*** Opening Data listing ***
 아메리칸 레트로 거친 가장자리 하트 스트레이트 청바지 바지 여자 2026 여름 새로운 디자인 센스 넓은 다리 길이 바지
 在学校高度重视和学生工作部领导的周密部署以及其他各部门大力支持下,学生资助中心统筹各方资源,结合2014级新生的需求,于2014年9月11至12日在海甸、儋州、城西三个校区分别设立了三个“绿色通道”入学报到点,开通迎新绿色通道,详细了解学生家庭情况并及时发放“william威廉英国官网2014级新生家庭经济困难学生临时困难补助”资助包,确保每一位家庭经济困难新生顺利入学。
*** Closing Data listing ***
*** Opening Data listing ***
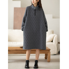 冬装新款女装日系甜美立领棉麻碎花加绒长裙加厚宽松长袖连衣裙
*** Closing Data listing ***
▶ [Exercise directions]
As listed above, the lines from the line with "아메리칸 레트로 거친" to the line with "在学校高度重视和学生工作部领" are to be echoed exactly, with both ends included and nothing added.

▶ [Written reply]
 아메리칸 레트로 거친 가장자리 하트 스트레이트 청바지 바지 여자 2026 여름 새로운 디자인 센스 넓은 다리 길이 바지
 在学校高度重视和学生工作部领导的周密部署以及其他各部门大力支持下,学生资助中心统筹各方资源,结合2014级新生的需求,于2014年9月11至12日在海甸、儋州、城西三个校区分别设立了三个“绿色通道”入学报到点,开通迎新绿色通道,详细了解学生家庭情况并及时发放“william威廉英国官网2014级新生家庭经济困难学生临时困难补助”资助包,确保每一位家庭经济困难新生顺利入学。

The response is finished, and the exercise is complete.